Der Postmeister hob den Blick und bemerkte die Frauen. Er lächelte Johanna zu, nickte, ohne etwas zu sagen, und setzte seine Unterhaltung mit dem Mann am Schreibtisch fort.

Sie holten noch mehr Holz, trugen es hinein zu den übrigen Kachelöfen im Haus, in den Schlafzimmern, im Esszimmer, im Raum, in dem die drei Kinder des Hauses mit ihrer Lehrerin saßen. Die Kinder betrachteten Johanna neugierig, die sowohl vor der Lehrerin als auch vor den Kindern einen Knicks gemacht hatte. Es waren zwei Mädchen von vielleicht neun oder zehn Jahren und ein Junge von etwa sieben.
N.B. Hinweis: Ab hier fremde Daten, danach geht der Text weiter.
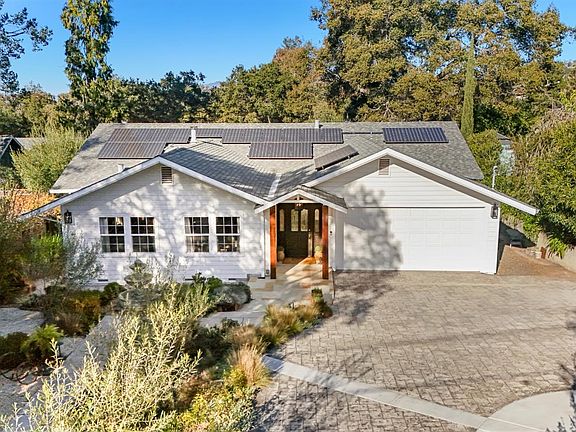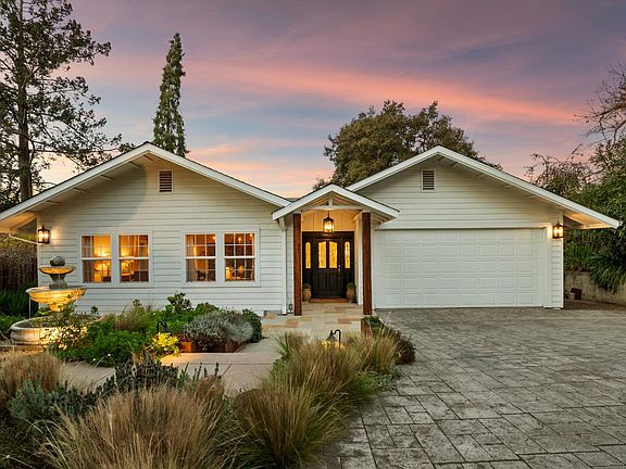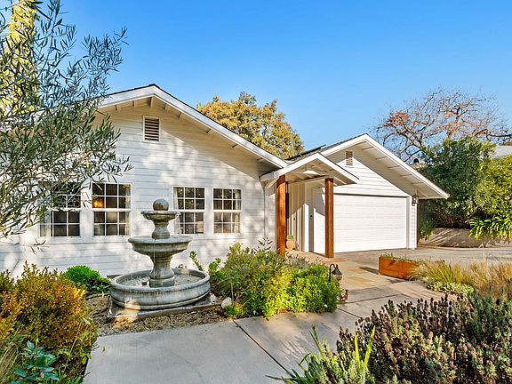Enter through a welcoming gated front yard where lush landscaping, a tranquil water fountain and mature olive trees create an immediate Mediterranean-inspired ambiance. The expansive gated frontage offers ample room for additional parking, while the home itself sits gracefully back from the street sparking curiosity. Set on a generous half-acre, this beautifully designed 3-bedroom, 2-bath residence offers thoughtfully planned single-level living. Large rooms showcase elegant design choices, layered textures, custom tile work, solid brass fixtures, and quality flooring throughout, creating a cohesive and inviting atmosphere ideal for both everyday living and entertaining. The oversized kitchen is the heart of the home featuring an island, an oversized refrigerator & freezer, double ovens and provides a seamless flow into other living areas. The expansive primary suite serves as a private retreat, opening directly to the backyard and offering a spa-like bathroom with a large walk-in shower and double sinks. Two other bedrooms benefit from the 2nd bathroom featuring dramatic tile work with a glass door separating the rain shower and soaking tub. Designed for relaxation, the comfortable family rooms French Doors open to a large limestone patio with dedicated sitting and dining areas. The lush grounds gently descend along a flagstone walkway to the pool & spa area complete with pool house and sitting area perfect for summer gatherings. Beyond the pool lies a true gardener's paradise, featuring a greenhouse and raised Redwood beds. Situated on a private lot on a peaceful stretch in Alta Heights. Tall fencing and established mature trees provide exceptional privacy, while solar panels and full city utilities add efficiency and convenience. The property is just minutes from downtown Napa, Oxbow Market, Napa Fairgrounds, and all the city has to offer.

Er lachte auf, als Johanna knickste, und sie merkte, dass sie etwas falsch gemacht hatte.

»Kinder, wir machen jetzt weiter«, sagte die Lehrerin.

Ihre Schüler gehorchten sofort; sie widmeten sich wieder ihren Aufgaben. Johanna konnte weißes Papier und Tintenfässer erkennen, sie hörte das kratzende Geräusch, als drei Gänsefedern langsam schwere Buchstaben formten, Schnörkel und Grundstriche. Sie meinte, den Geruch von Tinte, Kenntnissen und Einsichten spüren zu können, es war eine andere Welt als ihre eigene.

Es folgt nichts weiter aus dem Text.